** WORK TASK **
Your answer should be the lines from the one with "Через несколько минут, перейдя" to the end of the data below, both included, exact and free of pictures.

** DATA SECTION **
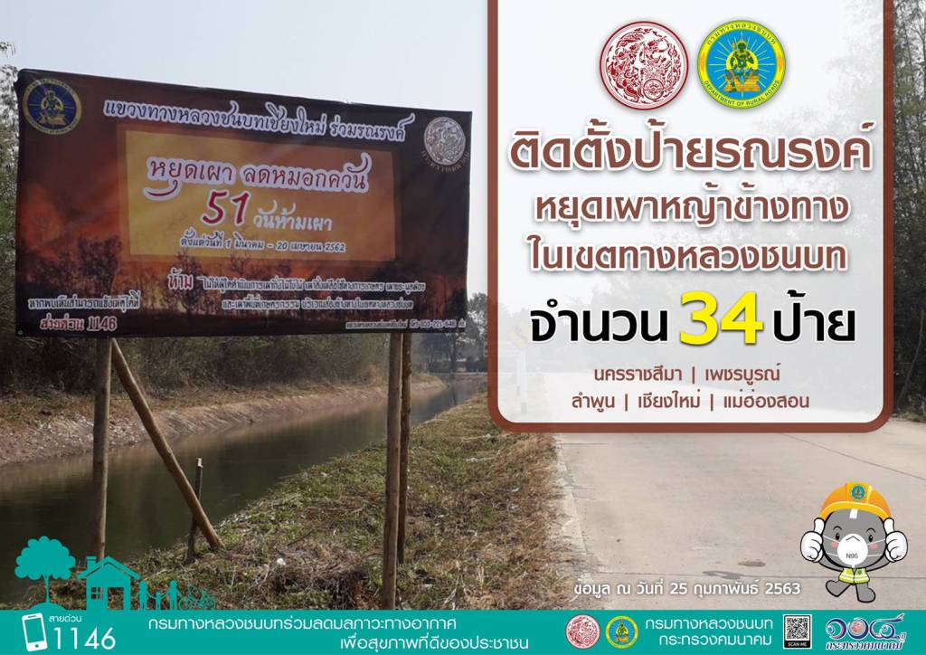 นอกจากนี้ ยังได้ติดตั้งป้ายรณรงค์ ประชาสัมพันธ์ หยุดเผาหญ้าข้างทางในเขตทางหลวงชนบท ได้แก่ จังหวัดนครราชสีมา เพชรบูรณ์ ลำพูน เชียงใหม่ และแม่ฮ่องสอน จำนวน 34 ป้าย ซึ่งหากเกิดเหตุจะสนับสนุนรถบรรทุกน้ำพร้อมบุคลากร บูรณาการดับไฟป่าร่วมกับหน่วยงานในพื้นที่อย่างเร่งด่วนอีกด้วย
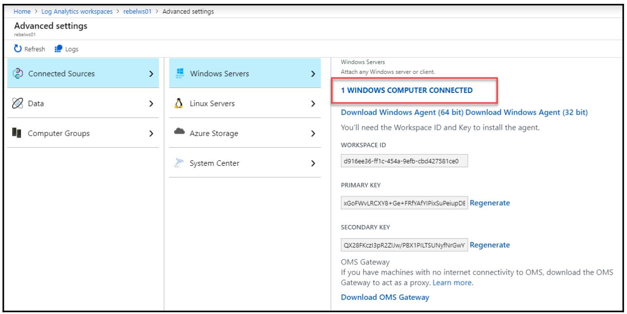Через несколько минут, перейдя в Advanced Settings | Connected Sources | Windows Servers мы можем обнаружить приводимый ниже снимок экрана в котором вновь добавленные серверы подключены в качестве источников сведений:
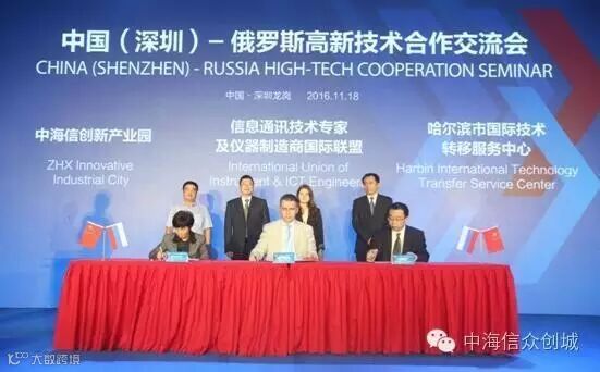 11月18日下午,由深圳市投资推广署、龙岗区人民政府主办的“中国(深圳)- 俄罗斯高新技术合作交流会”活动在龙岗区中海信创新产业城举行,通讯技术及仪器制造商国际联盟、哈尔滨市国际技术转移服务中心、中海信创新产业园签订三方战略合作协议,促进中俄两国(莫斯科、哈尔滨、深圳三地)联合创新平台落户龙岗,由此深圳中海信创新产业城成为龙岗第六列国际直通车。
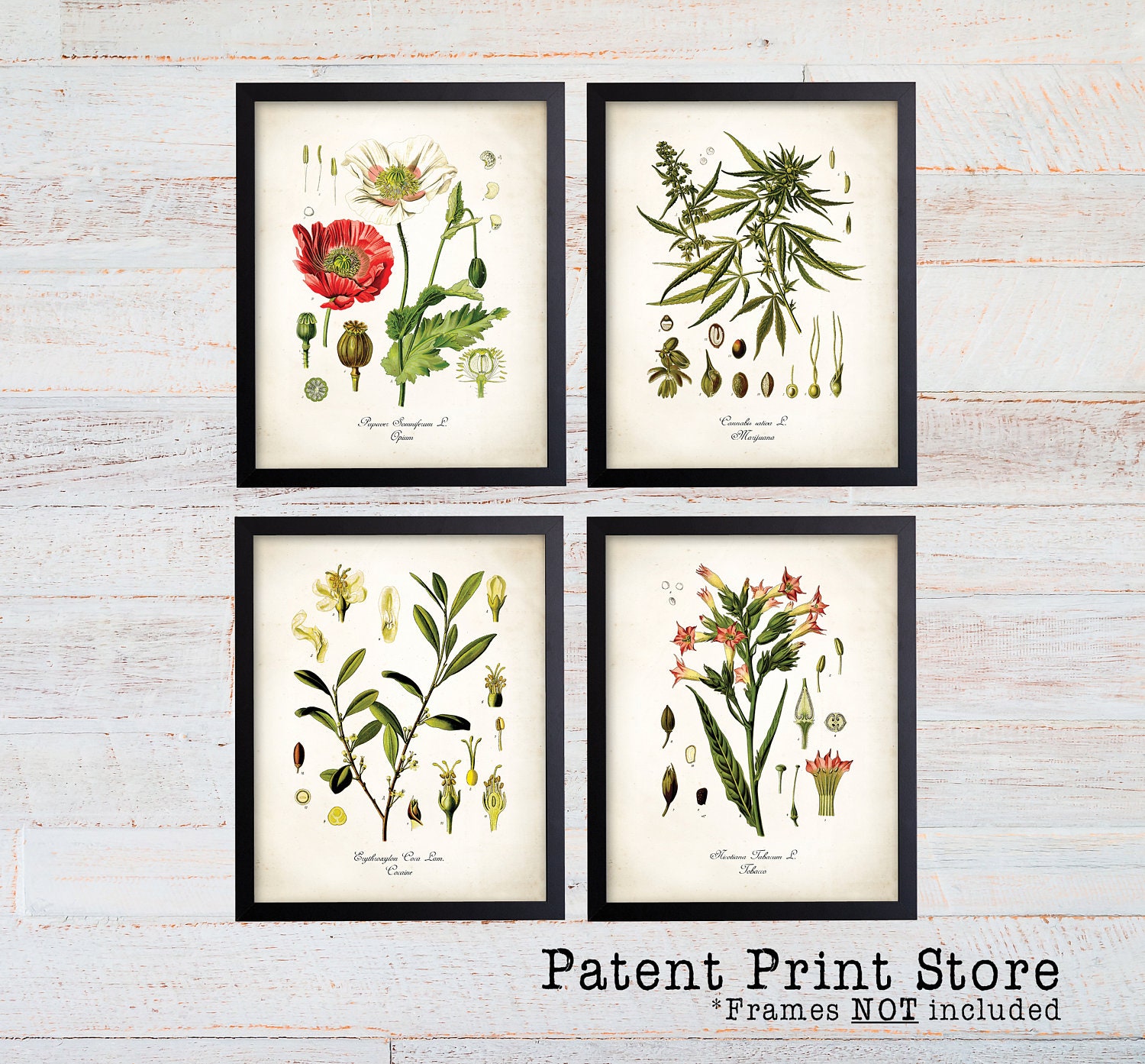 Medicinal Drug Print Set. Cocaine Cannabis Opium Poppy Tobacco. Botanical Art. Medicinal Decor. Botanical Print. Botanical Wall Art. 103

** RESPONSE AREA **
Через несколько минут, перейдя в Advanced Settings | Connected Sources | Windows Servers мы можем обнаружить приводимый ниже снимок экрана в котором вновь добавленные серверы подключены в качестве источников сведений:
 11月18日下午,由深圳市投资推广署、龙岗区人民政府主办的“中国(深圳)- 俄罗斯高新技术合作交流会”活动在龙岗区中海信创新产业城举行,通讯技术及仪器制造商国际联盟、哈尔滨市国际技术转移服务中心、中海信创新产业园签订三方战略合作协议,促进中俄两国(莫斯科、哈尔滨、深圳三地)联合创新平台落户龙岗,由此深圳中海信创新产业城成为龙岗第六列国际直通车。
 Medicinal Drug Print Set. Cocaine Cannabis Opium Poppy Tobacco. Botanical Art. Medicinal Decor. Botanical Print. Botanical Wall Art. 103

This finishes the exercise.